Bak regrettait de tout son cœur de ne pas avoir amené un pêcheur de Kor. Un guide, même réticent, aurait mieux valu que pas de guide du tout. Des eaux encore très hautes le plus souvent recouvraient les berges naturelles du fleuve. Ni Imsiba ni lui ne connaissaient bien cette région, et à voir les nombreux îlots rocheux, ils n’avaient aucune idée de ceux qui pouvaient abriter un navire de la taille de celui du capitaine Roï. Ils ne savaient pas davantage quelle voie était la plus sûre.
Par ailleurs, ils n’avaient rencontré aucun succès dans les quelques hameaux minuscules qu’ils avaient découverts, nichés parmi les rochers. Les habitants – isolés, pauvres, méfiants – se dérobaient et attendaient du chef ou de l’ancien qu’il parle en leur nom. Avec un bel ensemble, ils prétendaient ignorer si un navire chargeait ou déchargeait pendant la nuit.
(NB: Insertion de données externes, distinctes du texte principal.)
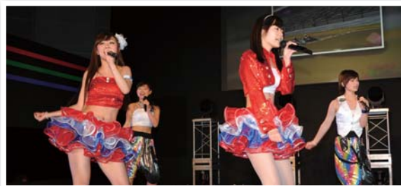
JKカップの0.01秒差逆転優勝のシーンも大型スクリーンで紹介

来年で芸能生活30周年ということで、今年はぜひ映画のプロジェクトを立ち上げたいね。クルマ系の映画だったらいいよね。
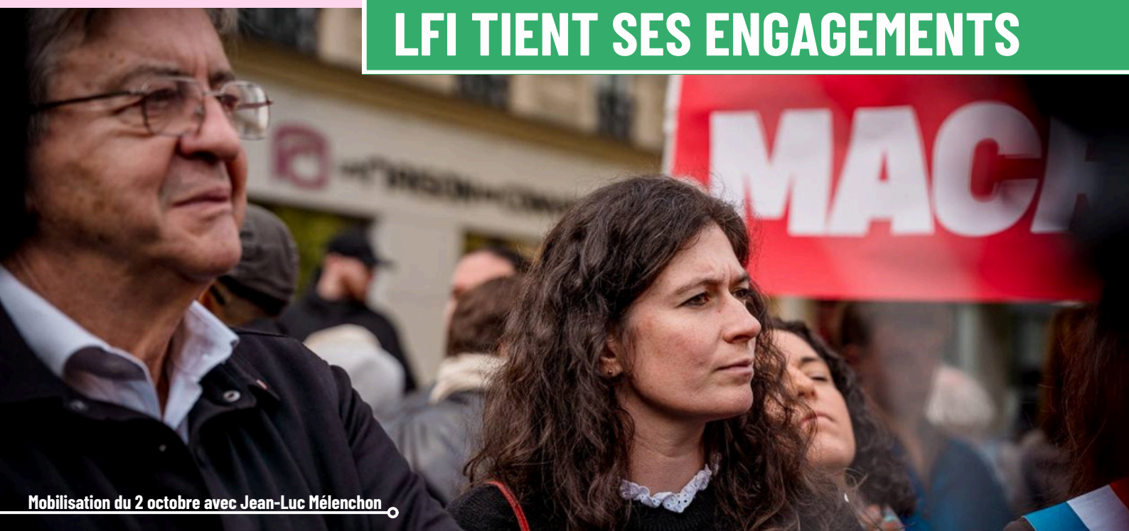
Mobilisation du 2 octobre avec Jean-Luc Mélenchon

Cette année, en tant que députée de La France insoumise, j'ai veillé à tenir fidèlement les engagements que j'ai pris devant les électeurs et électrices, sur la base du programme de rupture clair et assumé du Nouveau Front Populaire. Avec mon groupe parlementaire, j'ai voté toutes les motions de censure pour marquer mon opposition déterminée à la politique du gouvernement . J'ai également voté contre le budget et le budget de la Sécurité sociale présentés par le Premier ministre Sébastien Lecornu, des budgets injustes et déconnectés des urgences sociales et écologiques .
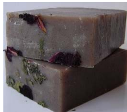
Rosehip, Orange and patchouli (+/-100gr) 4,15€ Com rosehips e amêndoa finamente moídas, e óleos essenciais de laranja e de patchouli
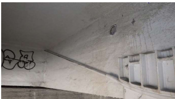
Foto 6.8.1 Pohled na provedené místo jádrového vývrtu Ø75 mm s označením V-08 odebraného z bočního líce 4. trámu zleva v poli 3
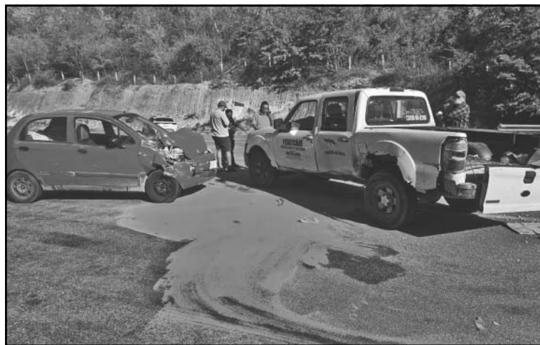
Se proyectó sobre una camioneta que intentó dar vuelta en “U”. (A. Pech)
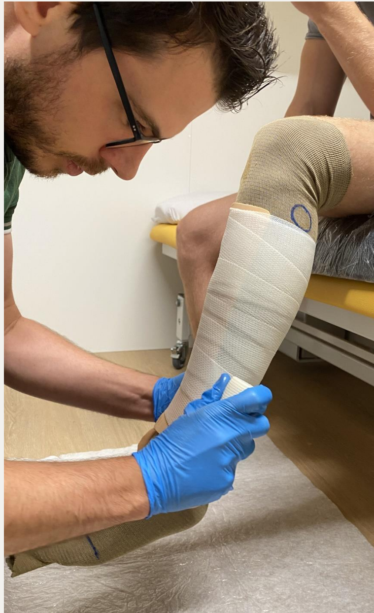
2. Перше обмотування (напівжорстке), трикотажну
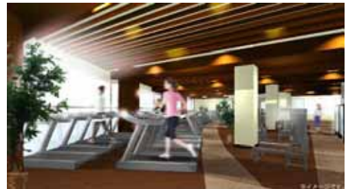
マシジムイメージ

特徴 エリア最大級のマシジムと25mの本格的プールを完備した総合型フィットネスクラブとしての出店を予定しています。スタジオプログラムやスイミングスクールなど、幅広い年齢層のお客様にご満足いただける多様なメニューをご用意します。
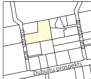
ATRAŠANĀS VIETAS SHĒMA
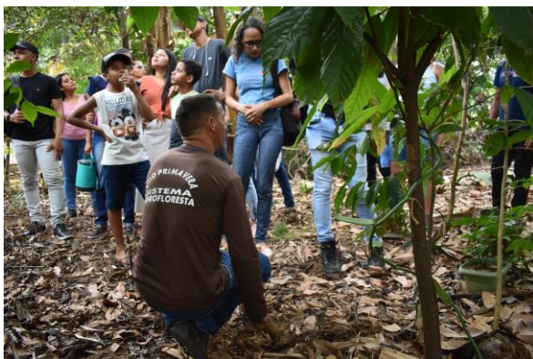
Figura 05 – Visão da cobertura do solo

Foi realizada uma visita na área, cujo estágio de desenvolvimento do sistema mais avançado. Os visitantes puderam observar na cobertura do solo, uma serapilheira que enriquece significativamente com a matéria orgânica, que traz inúmeros benefícios, conforme ( Figura 05 ). No mesmo local a partir de um outro olhar foi possível comprovar a composição dos estratos vegetais diversificado, com a composição de diversas espécies nativas e frutíferas ( Figura 06 ).
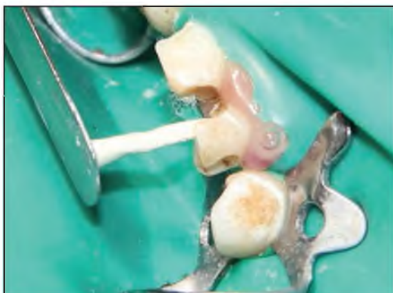
Figura N° 4: Obturación del conducto.

Después de realizar la obturación de los conductos (Figura N° 5), se procede a la colocación del espigo muñón confeccionado de acrílico en la pieza dentaria 52, debido a que presentaba una destrucción mayor a los tres cuartos de la porción coronaria que las demás piezas, y por último se coloca una base de ionómero de vidrio antes de la preparación de las coronas con la matriz de acetato.

Nul ne regardait Bak dans les yeux, mais mentaient-ils par peur des contrebandiers, ou redoutaient-ils simplement l’autorité qu’il représentait ? Il ne savait plus que penser.
À l’ouest, une épine de granit noir se dressait, solitaire, au-dessus d’une interminable pente de sable doré descendant de la longue arête où le corps d’Intef avait été retrouvé. Devant, l’extrémité inférieure de l’épine, baignée par le fleuve enflé, s’était effondrée depuis longtemps. Elle formait un chaos minéral érodé par le vent, le soleil et les flots. Une écume blanche signalait des rochers à fleur d’eau et avertissait le batelier prudent de passer à l’écart.
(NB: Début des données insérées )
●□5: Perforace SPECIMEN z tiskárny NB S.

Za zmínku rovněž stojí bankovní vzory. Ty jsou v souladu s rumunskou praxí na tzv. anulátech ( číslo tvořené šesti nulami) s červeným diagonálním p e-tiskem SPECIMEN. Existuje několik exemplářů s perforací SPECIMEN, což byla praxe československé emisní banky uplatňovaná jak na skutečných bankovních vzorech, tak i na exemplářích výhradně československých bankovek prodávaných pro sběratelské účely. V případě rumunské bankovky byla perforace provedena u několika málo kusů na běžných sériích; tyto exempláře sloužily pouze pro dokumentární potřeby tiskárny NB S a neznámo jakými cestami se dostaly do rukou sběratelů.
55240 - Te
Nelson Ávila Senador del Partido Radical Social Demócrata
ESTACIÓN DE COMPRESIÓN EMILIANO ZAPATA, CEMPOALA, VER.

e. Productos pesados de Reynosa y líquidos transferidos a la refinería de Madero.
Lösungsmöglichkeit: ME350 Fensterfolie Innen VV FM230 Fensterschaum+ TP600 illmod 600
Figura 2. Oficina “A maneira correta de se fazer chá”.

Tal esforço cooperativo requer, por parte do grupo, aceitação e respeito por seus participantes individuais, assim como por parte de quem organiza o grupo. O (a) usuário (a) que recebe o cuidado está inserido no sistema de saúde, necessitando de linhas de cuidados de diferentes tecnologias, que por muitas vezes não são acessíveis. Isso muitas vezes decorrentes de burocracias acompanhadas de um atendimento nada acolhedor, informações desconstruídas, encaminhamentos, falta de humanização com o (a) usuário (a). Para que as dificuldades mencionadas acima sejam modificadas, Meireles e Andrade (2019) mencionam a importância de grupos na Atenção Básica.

Imsiba contemplait ces bouillonnements avec répugnance.
— Un navire comme celui de Roï ne pourrait pénétrer si loin dans le Ventre de Pierres, sauf quelques mois par an.
— Je n’ai pas demandé à l’équipage quelle était la fréquence de leurs venues, admit Bak. Sans doute uniquement pendant la crue, quand Ouensou pouvait descendre le Ventre de Pierres pour apporter un chargement à l’homme sans tête. Roï se rendait ici, chargeait autant qu’il osait transporter en une fois, et regagnait Abou muni d’un faux manifeste. Mais j’imagine que c’était rare.
— Oui, d’autant plus que les rendez-vous avec Ouensou étaient difficiles à respecter en raison de la longueur du trajet et des impondérables.
Bak hocha la tête.
— Ce qui justifie l’emploi d’un dépôt temporaire, en d’autres termes le tombeau découvert par Intef.
Les rapides s’éloignèrent derrière eux et leur voile déployée les poussa autour des récifs, révélant une petite crique. La brise du nord se heurta contre une paroi de granit, dernier vestige de l’arête qui résistait encore aux intempéries. La voile tomba, et le navire fut emporté sur sa lancée dans des eaux paisibles. En amont, un surplomb abrupt aussi gros qu’une immense nef de guerre détournait le courant, tandis que le replat de l’escarpement formait une sorte de quai en aval. Des tamaris croissaient à profusion au fond de la crique et derrière le bloc rocheux. Le paysage ne pouvait certes pas masquer entièrement un navire et des hommes chargeant de la marchandise, mais aurait certainement abusé les soldats des tours de garde lointaines qui dominaient les pistes du désert, surtout par une nuit sans lune.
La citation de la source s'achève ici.